- ASSIGNMENT -
Exact wording is required: give all the records again, minus the pictures.

Data extracted from a collection
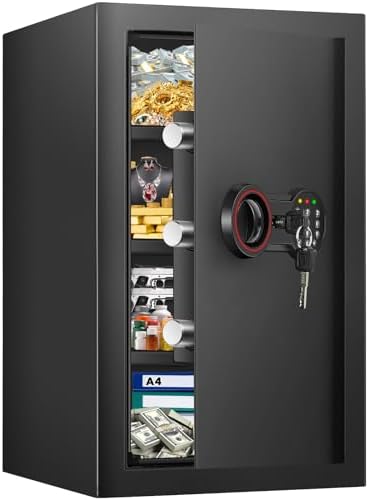 View full details4.0 Cub Large Home Safe Fireproof Waterproof, Anti-theft Fireproof Safe Box with Programmable Keypad, Spare Keys and Removable Shelf, Digital Security Safe for Home Money Firearm Documents Medicines
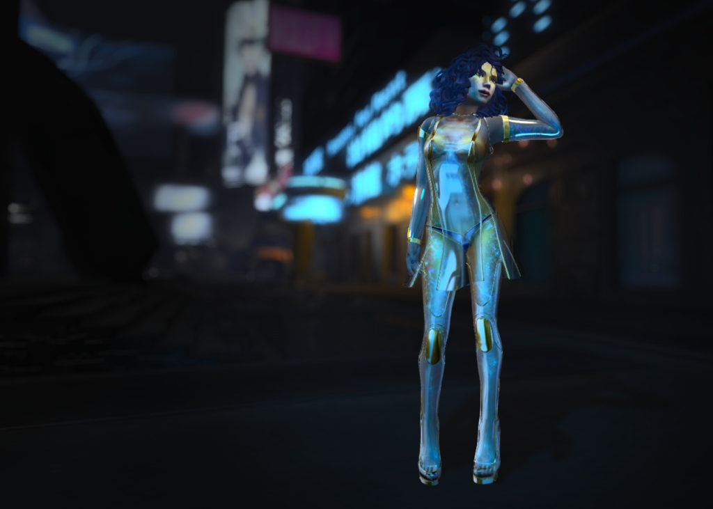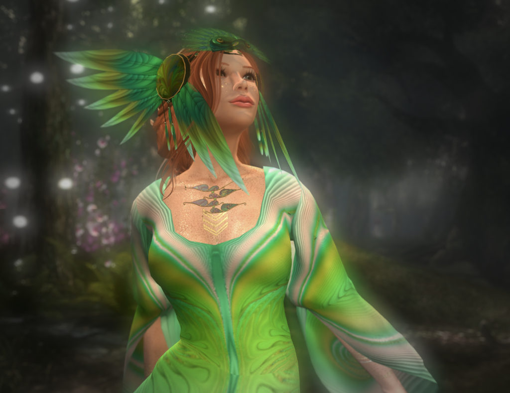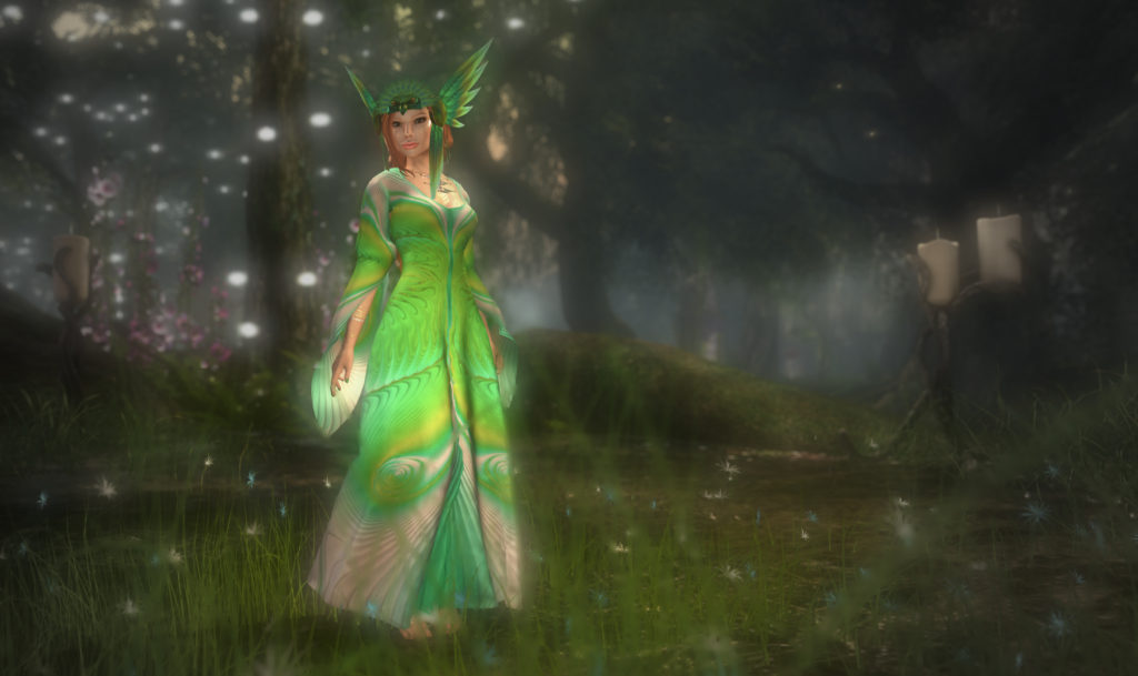 You’ll also note the wonderful halo from *SR* design. The haloes come in seven different colours, and can be modified in colour. There’s a beautiful shimmering kind of effect, and a slow rotation of the whole thing. As i write this up, I’m wearing it with a purple fae that I wear while I dance on the Fairchylde. It mounts on the avatar centre, so it stays in place behind you as you dance, which is kinda neat. I’ll have to take another pic and show that off to you later!
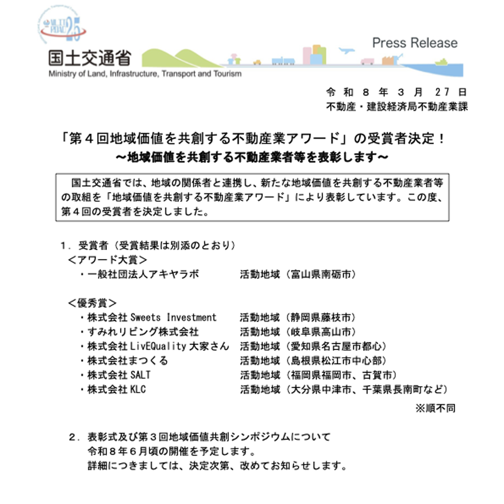 お知らせ空き家対策「アキヤラボ」が国土交通省「地域価値を共創する不動産業アワード」大賞を受賞!
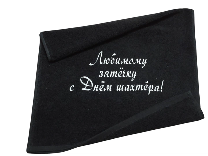 Рушник з вишивкою махровий для обличчя 50*90 чорний шахтарю гірнику зятю 00320
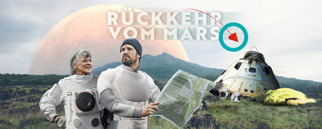 »Rückkehr vom Mars« kann virtuell oder physisch durchgeführt werden. »Rückkehr vom Mars« ist sehr gut in einem Gesamtkontext planbar, da die Durchführung exakt 60 min. dauert (ohne Reflexion).

- ANSWER TO THIS EXERCISE -
 View full details4.0 Cub Large Home Safe Fireproof Waterproof, Anti-theft Fireproof Safe Box with Programmable Keypad, Spare Keys and Removable Shelf, Digital Security Safe for Home Money Firearm Documents Medicines
 You’ll also note the wonderful halo from *SR* design. The haloes come in seven different colours, and can be modified in colour. There’s a beautiful shimmering kind of effect, and a slow rotation of the whole thing. As i write this up, I’m wearing it with a purple fae that I wear while I dance on the Fairchylde. It mounts on the avatar centre, so it stays in place behind you as you dance, which is kinda neat. I’ll have to take another pic and show that off to you later!
 お知らせ空き家対策「アキヤラボ」が国土交通省「地域価値を共創する不動産業アワード」大賞を受賞!
 Рушник з вишивкою махровий для обличчя 50*90 чорний шахтарю гірнику зятю 00320
 »Rückkehr vom Mars« kann virtuell oder physisch durchgeführt werden. »Rückkehr vom Mars« ist sehr gut in einem Gesamtkontext planbar, da die Durchführung exakt 60 min. dauert (ohne Reflexion).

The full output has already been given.